Plank-smoked trout with roast potatoes and creamy saffron sauce

  • People

    Serves : 2

  • Prep Time

    40 min.

  • Cooking Time

    40 min. - 1:40 h

  • BBQ Temperature

    220° C

  • Method



the Ingredients

Anniversary Grilled Fish On Plank Web
  • 300g trout
  • Salt
  • Fresh dill

Roast potatoes

  • 10 potatoes
  • 25ml oil
  • Salt & pepper
  • 1 small handful of fresh flat-leaf parsley

Creamy saffron sauce

  • Half an onion
  • A pinch of saffron
  • 20g butter
  • 150ml white wine
  • 200ml water
  • 200ml heavy cream
  • Salt & pepper

Special Equipment

  • Cedar plank, soaked in water for at least 30 minutes
  • Instant Read Thermometer


  • Prepare the barbecue for indirect heat, approx. 220° C.
  • Rinse the trout under cold water.
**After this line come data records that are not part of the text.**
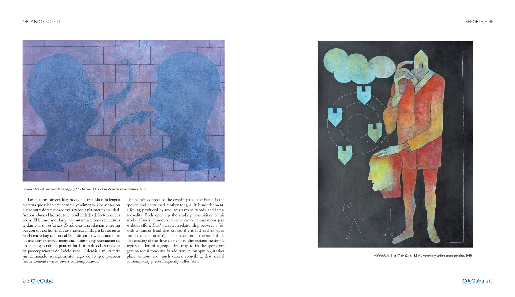 His themes have been very diverse, ranging from some that have been quite promoted internationally, such as the exodus – more centered on personal experiences and reminiscences of the island – to others of a more philosophical nature, as Confesiones de invierno (Winter Confessions), where the black background not only focuses the attention on the central figure – a head flooded with houses or better, lost homes – while he dialogues with a small bird that seems to be in the same situation. It is interesting to choose a bird that has stopped its flight and is far from everything.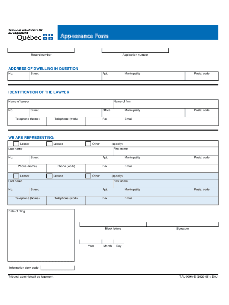 Appearance Form Record numberApplication numberADDRESS OF DWELLING IN QUESTION No.StreetApt.MunicipalityPostal codeIDENTIFICATION OF THE LAWYER Name of lawyer No.Name of firm StreetTelephone (home)Telephone
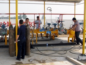 偃師公司訊 7月23日下午,偃師顧縣工業區輸配門站及中壓燃氣管網順利實現置換通氣。省煤氣集團安全管理處郭振龍處長、管道公司張合壽總經理等相關領導及偃師中裕段區高總經理、魏學全副總經理蒞臨現場給予了技術指導和支持。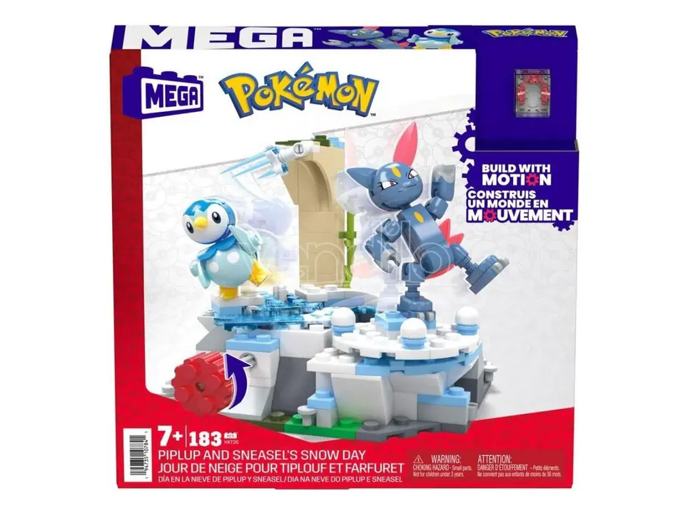Zobacz, jak Piplup i Sneasel bawią się zimą z tym zestawem konstrukcyjnym zawierającym innowacyjny ruchomy klocek! Zbuduj zaśnieżone otoczenie, a następnie przekręć korbkę, aby zobaczyć, jak Piplup i Sneasel jeżdżą na łyżwach po tej zimowej krainie czarów. Połącz z innymi zestawami Adventure Builder, aby stworzyć rozszerzony świat Pokemonów z ruchem. Każdy sprzedawany oddzielnie.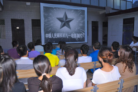 7月15日晚,廣通之家的小院內(nèi)座無虛席,黃陵縣店頭鎮(zhèn)文化站的同志正在為觀眾們播放紅色經(jīng)典電影《地雷戰(zhàn)》和《東進(jìn)序曲》,經(jīng)典的電影片段不時(shí)博得現(xiàn)場(chǎng)觀眾的熱烈掌聲和陣陣歡笑。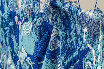 Diplômée des arts décoratifs et des Beaux-arts de Paris, Mona Cara développe une pratique autour de la tapisserie. Pour son exposition personnelle, l’artiste présente notamment des pièces nées d’une résidence à Rio, durant laquelle elle a mené des recherches autour de la déesse Lemanja. Issue du panthéon africain Yoruba, la divinité est devenue, de par le syncrétisme propre au Brésil, la reine des mondes aquatiques et peut parfois même être assimilée à la Sainte Vierge. Cette figure tutélaire prend vie dans une narration à l’esthétique pop où cohabitent une surabondance de références issues de la culture collective, de la bande dessinée et d’iconographies enfantines. Une nouvelle épopée contemporaine est révélée aux visiteurs.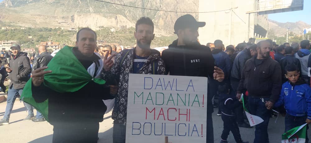“جئنا إلى هنا لأننا عناصر من هذا الشعب، لأن الثورة السلمية انطلقت من خراطة، هذه الثورة حققت العديد من الإنجازات والمكاسب، لقد حققنا وحدة الشعب والوعي العام، وبأن يكون المواطن في القرن الواحد والعشرين حرا في بلاده وأن يستفيد من كل حرياته”، تقول المحامية ورئيسة حزب التغيير والرقي زبيدة عسول.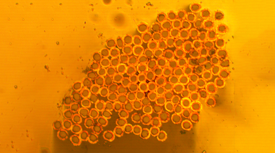 大连义邦Syscom镀金属纤维丝,采用专有的化学电镀工艺,将金属涂层与基材牢固的结合在一起,通过电镜观察,一股PBO纤维有166根,下述圆形代表纤维的横截面,圆环代表金属涂层,通过观察,发现一股PBO纤维里面的166根,每根都有圆环包覆,均匀且牢固的与非金属基材结合在一起,金属结合度高达80%以上,因此在实际使用的过程中,不会因为反复摩擦,清洗,导致金属涂层脱落,影响导电性,屏蔽性。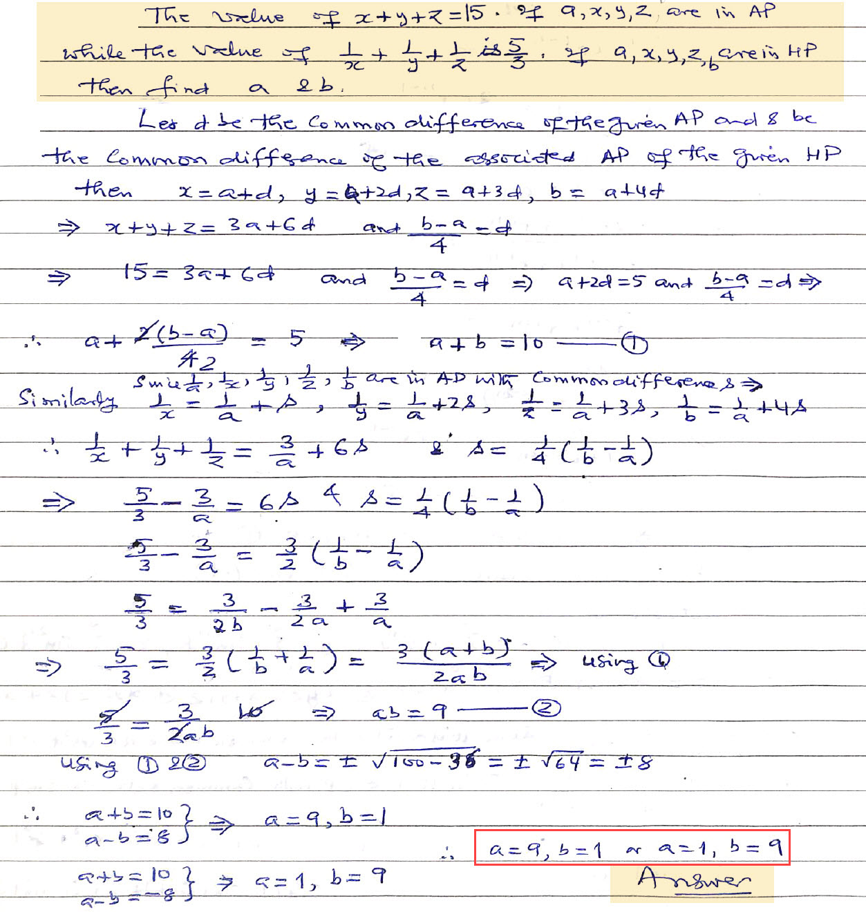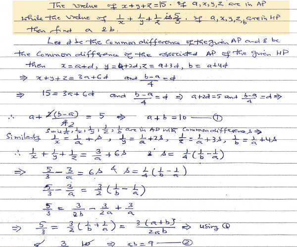 The value of . Given that a, x, y, z, b are in Arithmetic Progression while the value of . If a, x, y, z, b are in Harmonic Progression then find a and b.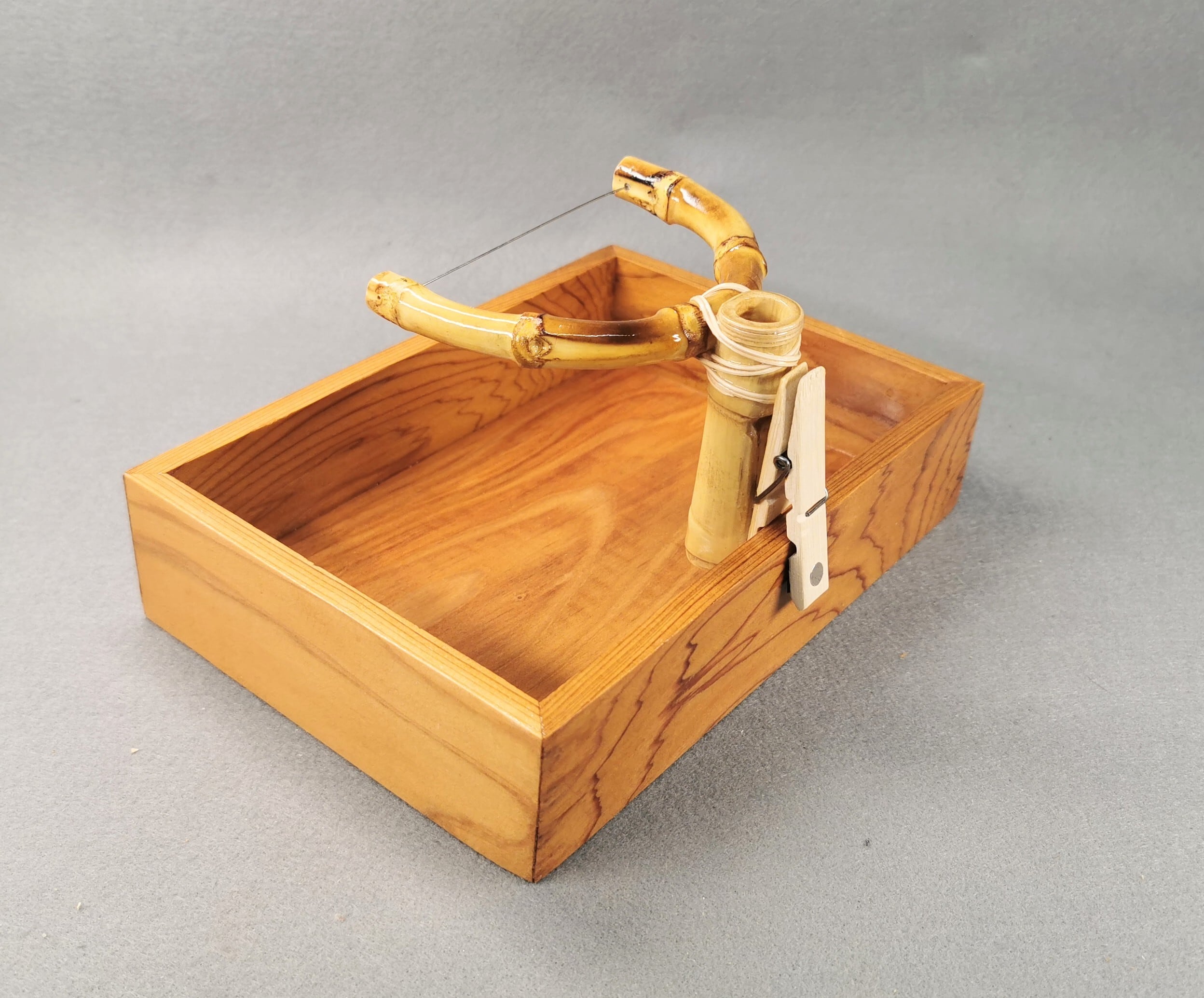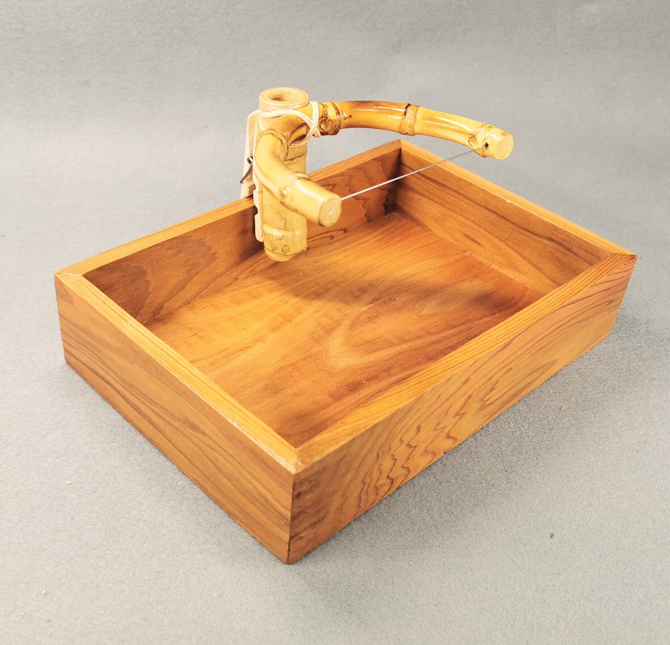 屋久島の標高500メートル以上の山地に自生する杉の中で、栄養の少ない花崗岩に生える樹齢1000年以上の杉のみに与えられる称号『 屋久杉 』を使用したタナゴ用の落とし桶です。全面表裏、厳選した木目の美しい屋久杉をふんだん使いコンパクトに仕上げました。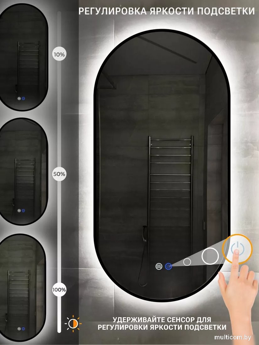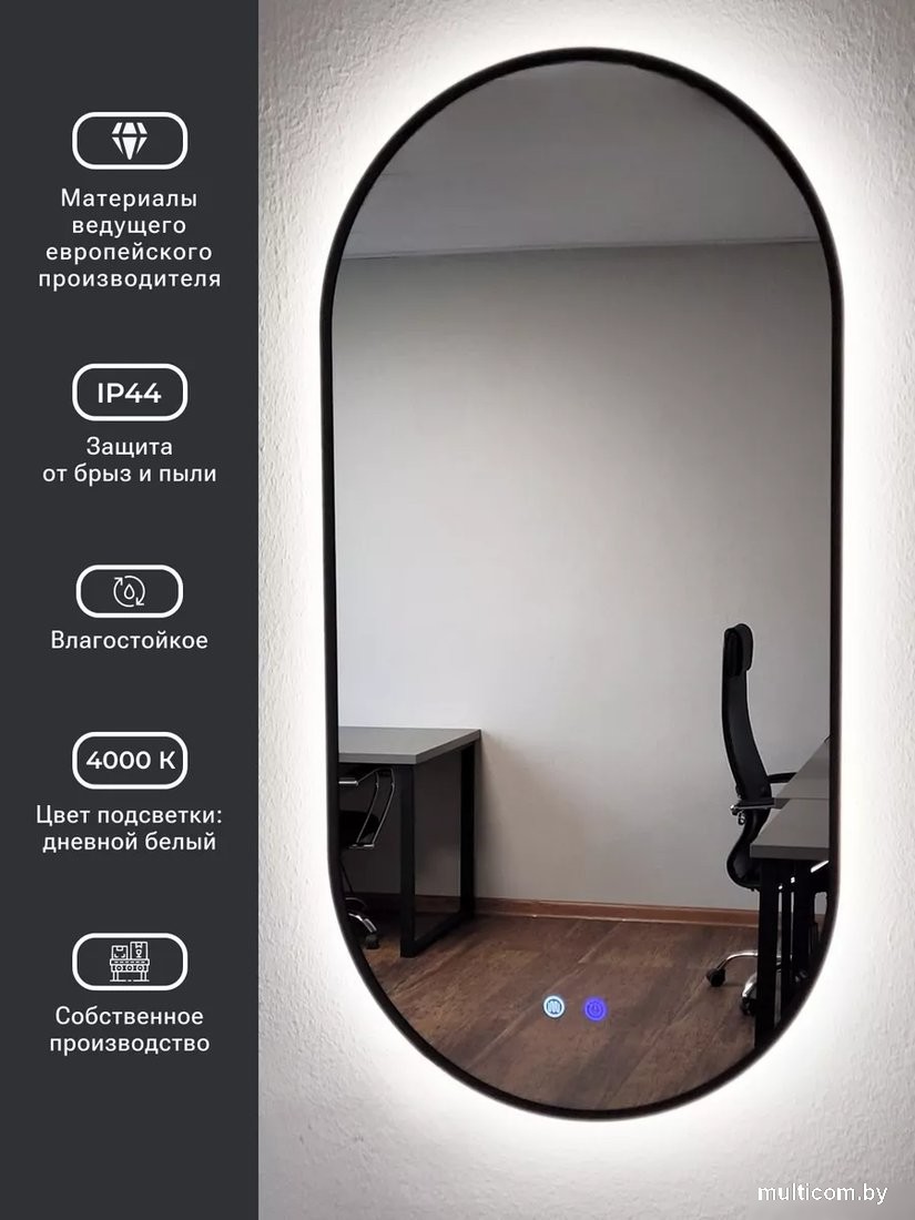 | Информация | - Большое овальное зеркало в стильной чёрной раме – идеальное решение для создания уникального интерьера. Его размеры позволяют увидеть отражение в полный рост, что делает его незаменимым элементом в любом помещении. - Подсветка дневного белого цвета (4000К) обеспечивает комфортное освещение, которое приятно для глаз. Сенсорное включение с плавным пуском срабатывает при лёгком касании, что добавляет удобства в использовании. - Это зеркало отлично впишется в прихожую, спальню, гостиную или детскую, наполняя пространство уютом и светом. Оно также станет стильным акцентом в коридоре. - Изготовлено из влагостойкого полотна со шлифованной кромкой, что делает его безопасным для использования в различных помещениях, включая душевые кабины, сауны и туалеты. - Навесное зеркало с функцией обогрева быстро устраняет запотевание, нагреваясь всего за 5-7 минут. - Матовая окантовка шириной 10 мм выполнена методом УФ-печати с использованием экологически чистых чернил, что гарантирует долговечность и устойчивость к влаге. Зеркало имеет класс электрозащиты 2 и защиту IP54, что делает его безопасным для использования в любых условиях. |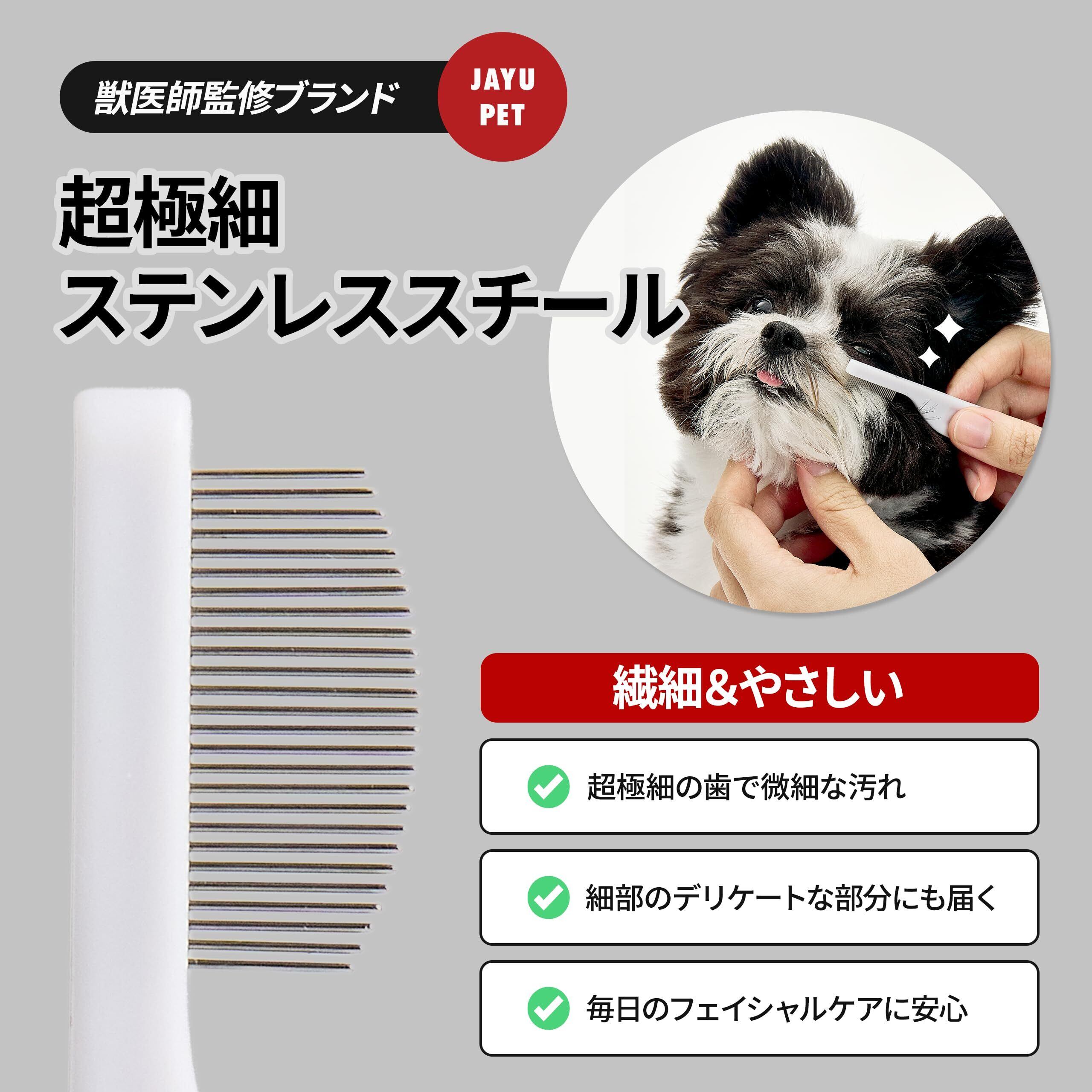 JAYU PET フェイシャル グルーミングコーム - 犬 猫用 アイコーム 涙やけ 目やに取り ストレスフリー フェイシャルブラシ ペット用 ケアブラシ グルーミングキット ステンレス製 抜け毛取りコーム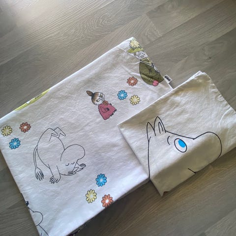 Muumi sengesett for barn i flerfarget design med motiv fra Mummidalen. Sengesettet består av dynetrekk og putevar med ulike Muumi-figurer og husmotiv. Stoffet har trykk med klare farger og detaljerte illustrasjoner. Passer til junior barnedyne og pute.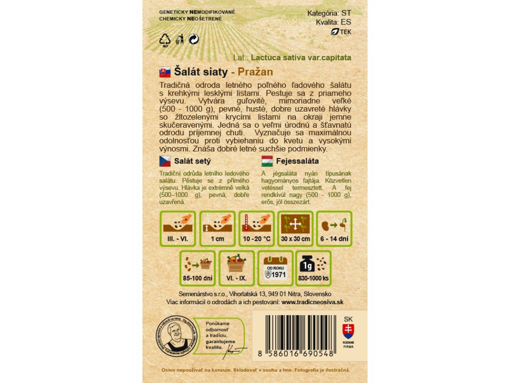 TRADIČNÉ OSIVÁ Šalát ľadový letný PRAŽAN 0,5g
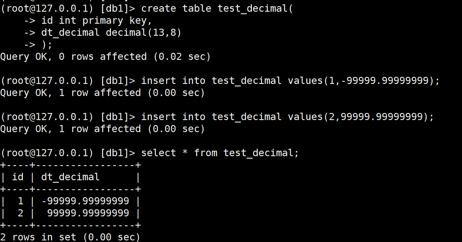 上述表结构中, decimal(13,8) 表示,该字段一共13位(整数个数+小数个数), 小数部分占8位, 那么整数部分就占5位. 能表示的范围就是-99999.99999999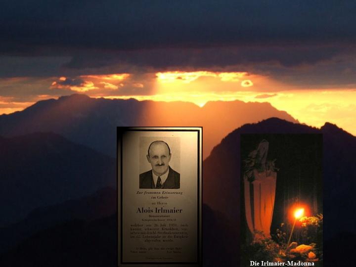 1978 stellte ein weiterer Visionär der Bioregion Untersberg, Dr. Eugen Köberle, die - inzwischen als Irlmaier-Madonna - bekannte Madonna bei der von Köberle entdeckten Quelle in der Almbachklamm zu Füssen des Berchtesgadener Hochthrons auf. Er schuf damit nicht nur ein Quellheiligtum sondern setzte damit auch Irlmaier ein Denkmal. Diese Madonna war einst in persönlichem Besitz Irlmaiers, der sie an seine Familie vererbte, die wiederum sie an Köberle schenkte.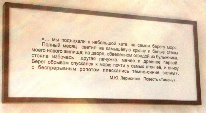 В сентябре 1837 года по дороге на Кавказ Михаил Лермонтов остановился в Тамани. Позже своим приключениям в этом городе он посвятил рисунок и целую главу в романе «Герой нашего времени», подлинник рукописи которою не найден до сих пор. Причем, поэту Тамань не понравилась, - «Тамань — самый скверный городишко из всех приморских городов России. Я там чуть-чуть не умер с голода, да еще вдобавок меня хотели утопить». - Как бы удивился и поразился Михаил Юрьевич, увидев Тамань сегодня.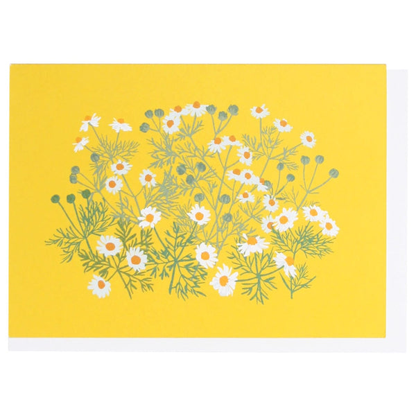 description Chamomile blossoms are like tiny daisies against a golden background.
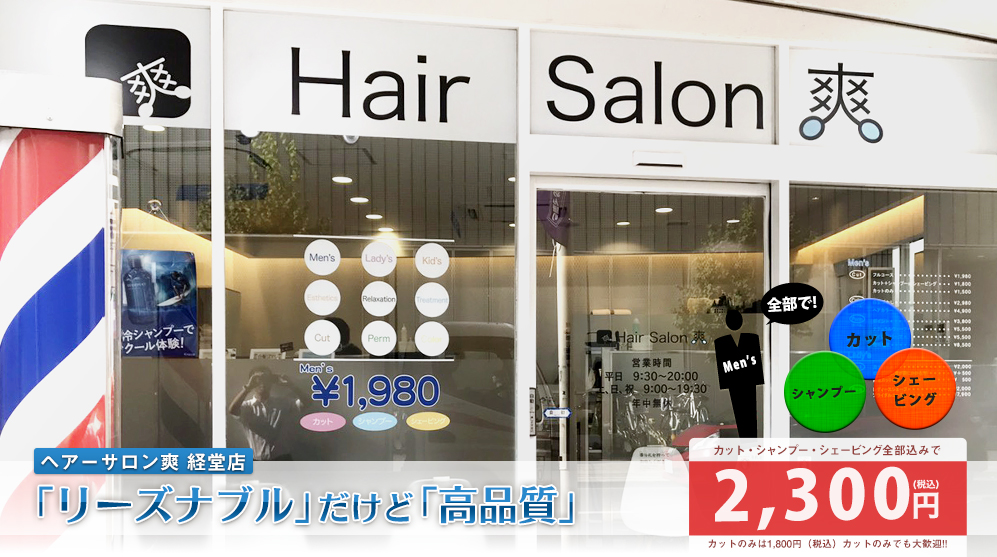 - 2016.08.02「ヘアーサロン爽」の営業時間に一部変更がありました。

Lay it on a dry cloth. Season well with salt inside and out. Rinse the dill then pinch off the leaves and stuff into the fish’s belly.
  • Rinse the potatoes well and cut into halves. Coat them with oil and season with salt and pepper. Rinse and finely chop the parsley.
  • Place the potatoes in the centre of the cooking grate and cook over indirect heat for approx. 35 minutes before removing.
  • Place the trout on top of the cedar plank then onto the cooking grate and cook for about 18 minutes – or until the core temperature reaches 63°C.
  • While the fish is cooking, make the sauce. Peel and finely chop the onion. Sauté in butter and saffron until the onion glistens. Add the white wine and let it reduce by half. Add the water and cream to the pan. Reduce the sauce until creamy. Season to taste with salt and pepper.
  • Remove the fish from the barbecue. Return the potatoes to the cooking grate and grill over direct heat for 3 minutes on each side. Remove and mix them with the chopped parsley and serve with the fish.
  • Important:
    Watch the barbecue when you cook the fish. The cedar plank must not ignite, so the grill should not be left unattended while cooking.